| 3. Wine maker's Report
by Roy Cook
Harvest 2006 - Lightning Speed, Drama and Grapes Galore
Back in mid-September anticipation was running high. New vineyard manager James and his assistant Adam were just itching to start snipping off the golden ripening grape bunches which they had spent all year looking after. Warm sunny days were spent laying straw under the Regent red grape vines and spreading anti-bird netting over the top of all 6 acres of vines at our Bodiam vineyard. Pre-harvest preparations had been meticulously planned and included checking over and oiling the grape cutting secateurs, buying extra gloves for pickers to wear to prevent wasp stings, or cutting their own fingers (easily done!); cleaning vats and barrels, adjusting and greasing crushing machines, as well as painting the tray underneath the press with a special paint to ensure the juice flowing from the press does not come into contact with metal. New stainless steel chain links were sourced and purchased via the Internet and fitted as replacements to the inside of the press where they act to break up 'the cake' after each pressing.

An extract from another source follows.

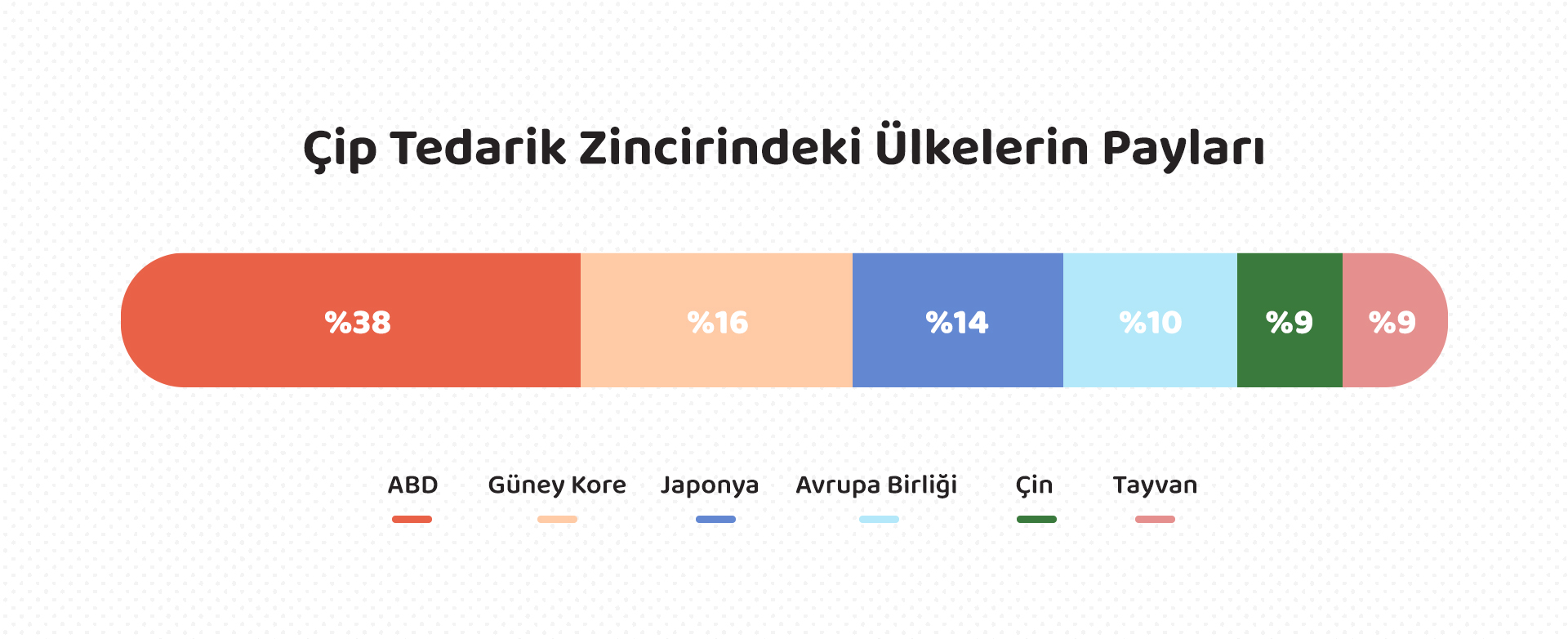 Bir çipin üretim sürecinin farklı aşamalarında yaklaşık 25 ülke yer alıyor. Üretiminden kullanıcıya ulaşıncaya kadar çip bileşenleri 50.000 kilometreden fazla yol katediyor ve ortalama 70 uluslararası sınırdan geçiyor. Yarı iletken çiplerin geliştirilmesi, tasarlanması ve üretilmesi son derece karmaşık bir süreç. Ayrıca bu süreçlerin her birinde farklı ülkeler daha ağırlıklı paya sahip. Bu nedenle doğal felaket, salgın hastalık, siyasi gerilimler gibi durumlar nedeniyle çip tedarik zincirinin herhangi bir aşamasında yaşanan bir sorun tüm üretim sürecini etkileyebiliyor.
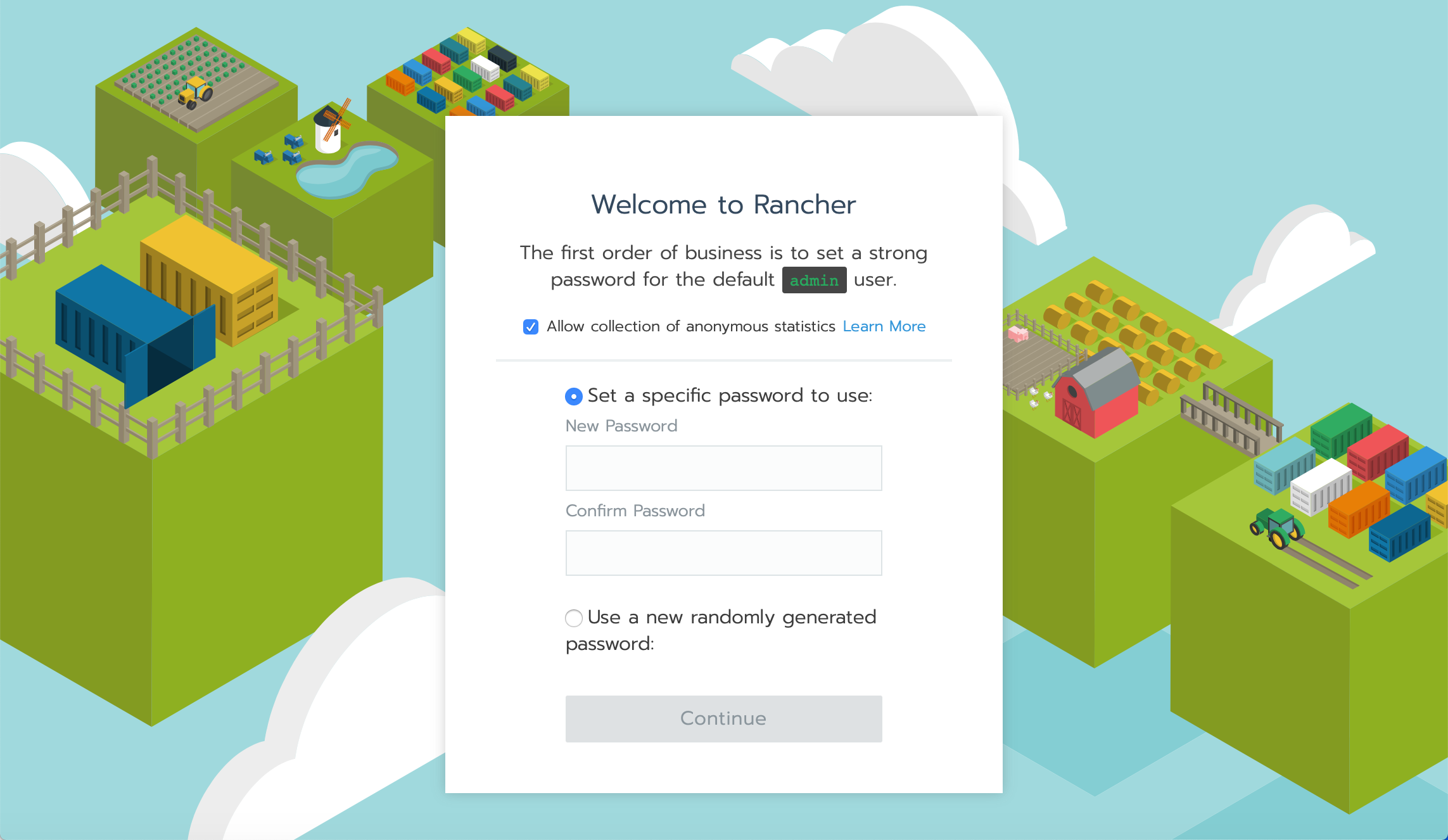 https://rancher.example.com). You will see the Rancher setup page:

Readings of grape sugar levels and acidity were done weekly so that we could pick when the fruit was at optimum ripeness. A list of nearly fifty
names and contact numbers of local people who had responded to our advert for pickers was at the ready. Crop estimate of the 500 Solaris vines was done by carefully counting bunches on the vine and multiplying by the number of wines and then rows of vines. Estimate was 1to1.5 tonnes. In previous years I had done crop estimates on our other main varieties, but not this year. I knew the grapes looked plentiful and berry size was above average, so guessed the harvest would be somewhere near our previous all time best in 2004 which was 17,000 bottles.
This year however, the grapes kept coming and coming, vats were filled up as fast as they could be cleaned and prepared. Vineyard plots that I guessed would yield one tonne, yielded two tonnes, or more! In the end we were simply overwhelmed. All vats were filled - including several outside the winery which just could not be fitted into the space inside.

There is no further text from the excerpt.